Procedure for making application for subscription to Gold Bonds.

5.(1) Every Subscriber who is desirous of making subscription to the Gold Bonds shall apply to any receiving office in Form ‘A’ or in any other form as near as thereto, stating clearly the grams of gold and full name and address of the applicant.

(2) Every application shall contain such documents and particular as specified in the instructions contained in the Application Form.

(3) On receipt of an application under sub paragraph 1, the receiving office shall issue an acknowledgment receipt in Form ‘B’, if all requirements of the application are fulfilled.

(4) An incomplete application is liable to be rejected if all requirements of the application are not fulfilled within period specified in paragraph 6.

Date and form of issue of Gold Bonds

6. (1) The Gold Bonds shall be issued on the 26th day of November, 2015 in the form of a Stock Certificate as specified in Form ‘C’.

(2) The Gold Bonds shall be eligible to be converted into De-mat form.

Period of subscription.

7. the Subscription of the Gold Bond under this Scheme shall open on and from the 5th day of November, 2015 and shall closed on the 20st day of November, 2015;

Provided that the Central Government may, with prior notice, close the Scheme before the period specified above.

Interest

8. (1) The interest on the Gold Bonds shall commence from the date of its issue and shall have a fixed rate of interest at 2.75 percent per annum on the amount of initial investment.

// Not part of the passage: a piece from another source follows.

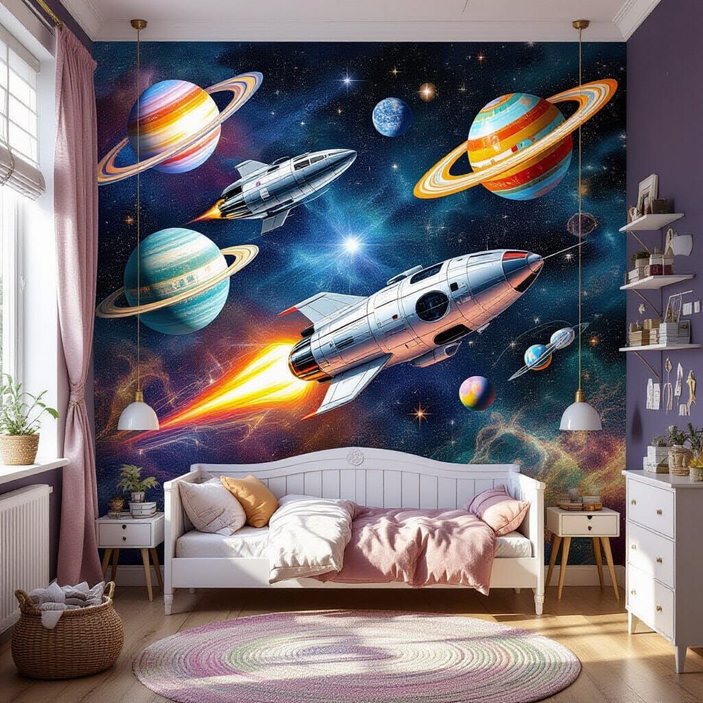 Design unique space adventure scenes for walls or any project. Free and easy AI image generation.

(2) The interest shall be payable in half-yearly rests and the last interest shall be payable along with the principal on maturity.

Receiving Offices

9. The receiving office specified in Annexure I shall be authorised to receive applications for the Bonds either directly or through agents.

Payment Options

10. (1) All payments for Gold Bond shall be accepted in Indian Rupees through cash or demand draft or cheque or electronic banking.

(2) Where payment is made through cheque or demand draft, the same shall be drawn in favour of the receiving office.

Redemption

11. (1) The Gold Bond shall be repayable on the expiration of eight years from the 26th November, 2015, the date of the issue of Gold Bonds:

Provided that premature redemption of Gold Bond may be permitted after fifth year from the date of issue of such Gold Bond on the date on which interest is payable.

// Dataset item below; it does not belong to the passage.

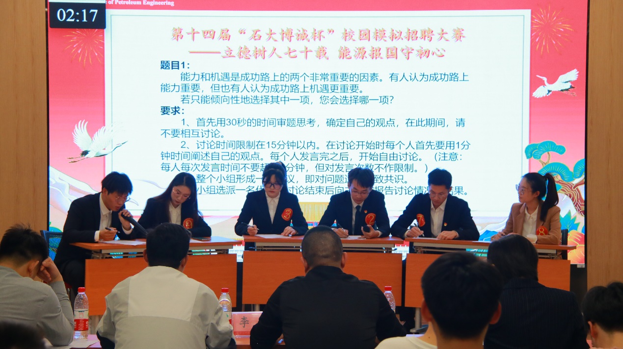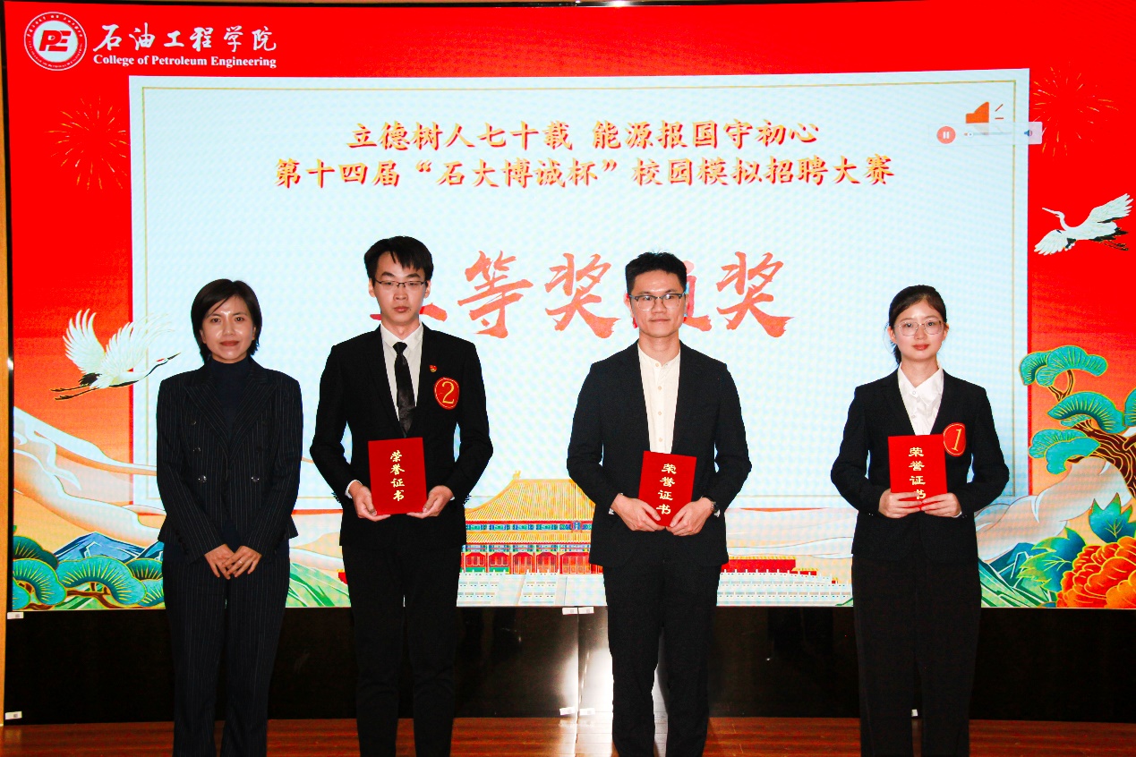 為落實學校關于開展“2024屆畢業(yè)生就業(yè)指導服務月”活動要求,幫助學生找準職業(yè)目標,感受真實求職場景,討論職場核心議題,搭建廣大學子從校園到職場溝通橋梁。由共青團中國石油大學(北京)石油工程學院委員會主辦、石油工程學院研究生會承辦的第十四屆"石大博誠杯"校園招聘模擬大賽決賽于10月14日在學生活動中心410舉行。本次大賽由北京石大博誠科技有限公司獨家贊助。北京石大博誠科技有限公司副總經理李磊、北京石大博誠科技有限公司實驗室主任王小東、千鋒互聯(lián)人力資源總監(jiān)陳菲菲、石油工程學院團委書記肖亞楠、石油工程學院輔導員,第27屆研會指導老師劉衡升受邀參加本次決賽并擔任評委。

(2) On maturity, the Gold Bonds shall be redeemed in Indian Rupees and the redemption price shall be based on simple average of closing price of gold of 999 purity of previous week (Monday to Friday) published by the India Bullion and Jewelers’ Association Limited.

(3) The receiving office shall inform the investor of the date of maturity of the Gold Bond one month before its maturity.

Eligibility for Statutory Liquidity Ratio

12. The investment in the Gold Bonds under this Scheme shall be eligible for Statutory Liquidity Ratio.

Loan against Bonds.

13. (1) The Gold Bonds under this Scheme may be used as collateral security for any loan.

(2) The Loan to Value ratio as applicable to any ordinary gold loan mandated by the Reserve Bank of India shall also apply to the Gold Bond under this Scheme.

(3) The lien on the bond shall be marked in the depository by the authorised banks.

Tax Treatment.

14. The interest on the Gold Bond shall be taxable as per the provisions of the Income-tax Act, 1961 (43 of 1961) and the capital gains tax shall also remain the same as in the case of physical gold.

Nomination.

15. Nomination and its cancellation shall be made in Form ‘D’ and Form ‘E’, respectively, in accordance with the provisions of the Government Securities Act, 2006 (38 of 2006) and the Government Securities Regulations, 2007, published in part III, Section 4 of the Gazette of India dated the 1st December, 2007.

Transfer of Gold Bonds

16. The Gold Bonds in the form of Stock Certificate is transferable by execution of an Instrument of transfer as in Form ‘F’, in accordance with the provisions of the Government Securities Act, 2006 (38 of 2006) and the Government Securities Regulations, 2007, published in part III, Section 4 of the Gazette of India dated the 1st December, 2007.

Trade of Gold Bonds

17. The Gold Bonds shall be eligible for trading from such date as may be notified by the Reserve Bank of India.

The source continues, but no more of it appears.